As I tune downward, the variation is becoming less and the depth in center is becoming less. Can anyone explain why, or make a suggestion?

Thanks.


SonorMike said...
Greg, I can think of two reasons for this.

1) At higher tunings, there is more difference in the tension near the edge than in the center of the drum. At lower tunings the tension is more uniform across then entire diameter of the head.

2) As you've tuned down, the tensions of the batter and reso are further apart. At the higher tuning, they were tuned just 6 points apart, while they're now 10 points apart.
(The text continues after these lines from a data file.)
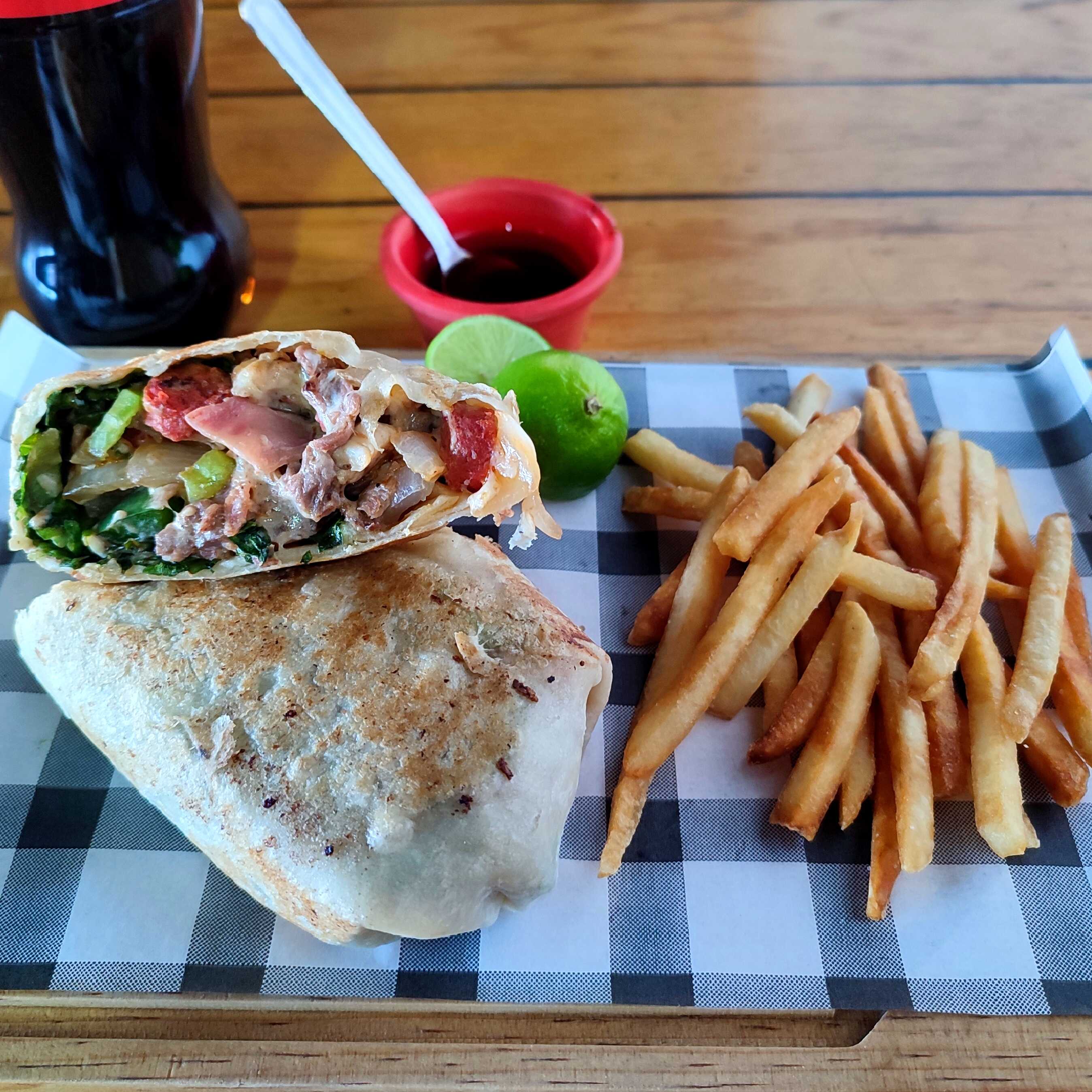 Burrito de Bistec y Longaniza con Frijoles, Lechuga, Queso Mozarella y Cebolla. Acompañado de Papas a la Francesa (Limón y Salsa Macha aparte).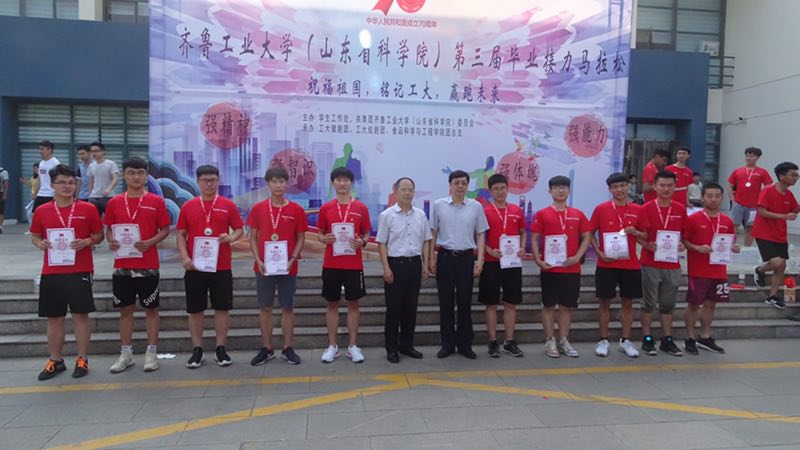 為慶祝中華人民共和國成立70周年,結合劉家義書記寄語青年學生的“強精神,強智識,強體魄,強能力”要求,在2019屆畢業生離校之際,6月14日,學校(科學院)第三屆畢業接力馬拉松活動在長清校區舉行。本次活動由組織部、學工部、校(院)團委主辦,食品科學與工程學院、工大健跑團、工大炫跑團承辦,來自校(院)各學院、學生組織、團體的二百余名師生參加了活動。校(院)副書記劉永波、副校(院)長周有波出席活動,并為師生代表頒獎。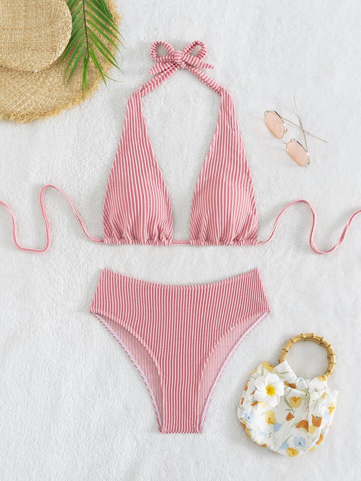 A righe Bikini con collo a halter Set Estivo Spiaggia

Anyway, just a couple thoughts I had.

MARCH 5, 2010 5:04 AM


1) It is very difficult to tell whether the center to edge differential becomes greater. What I thought I had noticed, and I've checked again since we started this conversation, is that in general, the tension in the center is about 1 point (DrumDial) of deflection greater than at the edges at all tunings I've tested, between 70 and 90.

I don't know if deflection differential and pitch differential are the same, although my sense is that they are. Even so, single step changes at low tunings sound greater to our ears than the same step at high tunings. A walk along the piano keyboard will affirm that.

After this point in the discussion, the drum head becomes a thing so complex that I'm unwilling even to try making guesses. A drumhead is like a single wire, and even that single strand is a complex item. A very different timbre is produced by plucking the ends of the wire rather than the middle, but the note stays the same. Not so with the drum head, which is a little confusing... A drum head does not just have two attachment points pullng equally across the head, but has multiple points (lugs) pulling unequally, and then a hoop that is supposed to even out the influences.

What a mess! And then there's the air column, which is another wave length generator, and then the fact that there's another head doing its own thing at the other end of the column, and affecting the air column flow which then affects the top head, etc. Add the snare wires to the mix and... well, I'm going to take up the berimbau.